─── Data segment ───
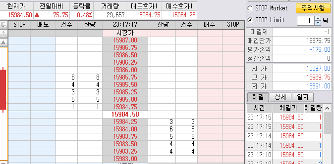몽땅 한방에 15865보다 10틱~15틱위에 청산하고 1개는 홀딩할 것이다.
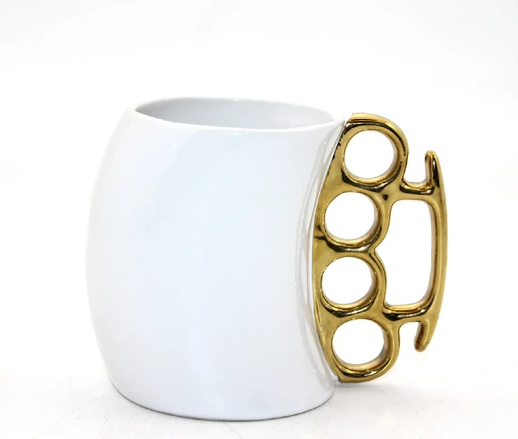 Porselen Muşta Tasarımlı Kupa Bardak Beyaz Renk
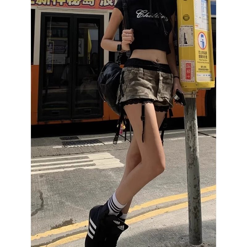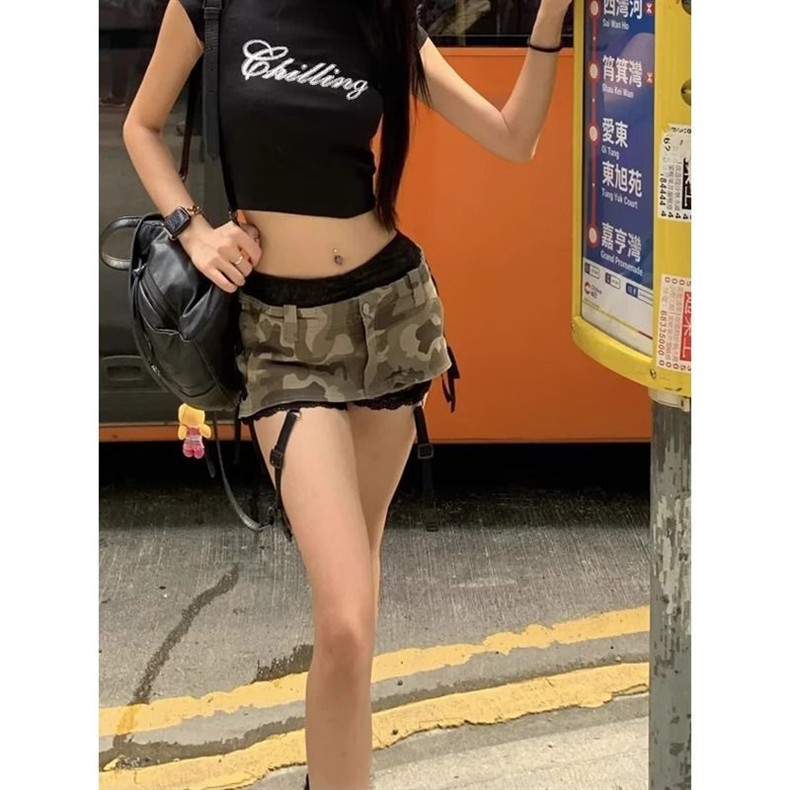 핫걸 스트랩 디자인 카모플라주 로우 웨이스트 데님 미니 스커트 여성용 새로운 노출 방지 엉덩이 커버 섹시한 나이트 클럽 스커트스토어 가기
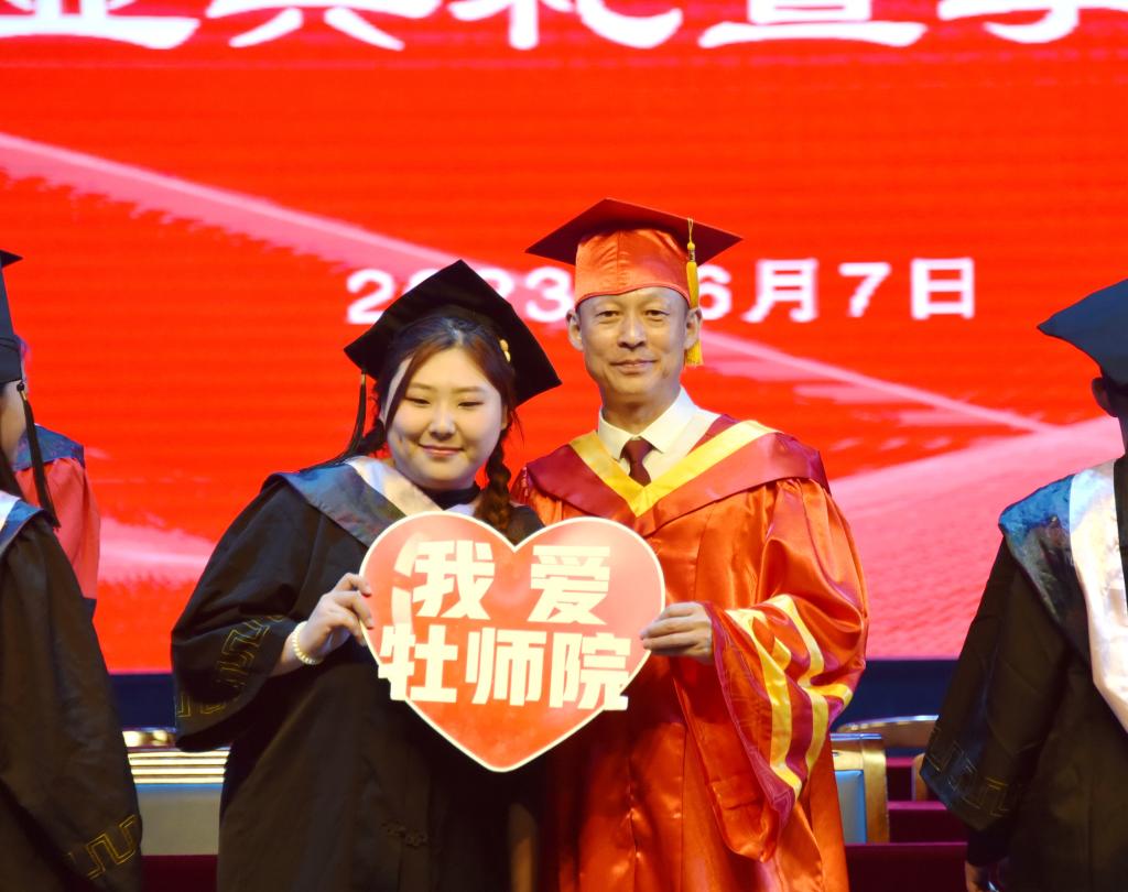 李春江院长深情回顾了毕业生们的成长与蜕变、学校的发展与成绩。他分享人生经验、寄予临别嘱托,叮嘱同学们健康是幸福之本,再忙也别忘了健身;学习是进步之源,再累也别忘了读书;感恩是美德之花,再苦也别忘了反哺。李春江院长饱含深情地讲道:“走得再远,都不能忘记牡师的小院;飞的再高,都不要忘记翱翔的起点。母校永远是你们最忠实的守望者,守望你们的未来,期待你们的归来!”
───
▶ _Exercise brief_
Your answer should consist solely of the lines from the line with "Porselen Muşta Tasarımlı" to the final line of the listing, set down word for word, pictures omitted.

▶ _Task output_
 Porselen Muşta Tasarımlı Kupa Bardak Beyaz Renk
 핫걸 스트랩 디자인 카모플라주 로우 웨이스트 데님 미니 스커트 여성용 새로운 노출 방지 엉덩이 커버 섹시한 나이트 클럽 스커트스토어 가기
 李春江院长深情回顾了毕业生们的成长与蜕变、学校的发展与成绩。他分享人生经验、寄予临别嘱托,叮嘱同学们健康是幸福之本,再忙也别忘了健身;学习是进步之源,再累也别忘了读书;感恩是美德之花,再苦也别忘了反哺。李春江院长饱含深情地讲道:“走得再远,都不能忘记牡师的小院;飞的再高,都不要忘记翱翔的起点。母校永远是你们最忠实的守望者,守望你们的未来,期待你们的归来!”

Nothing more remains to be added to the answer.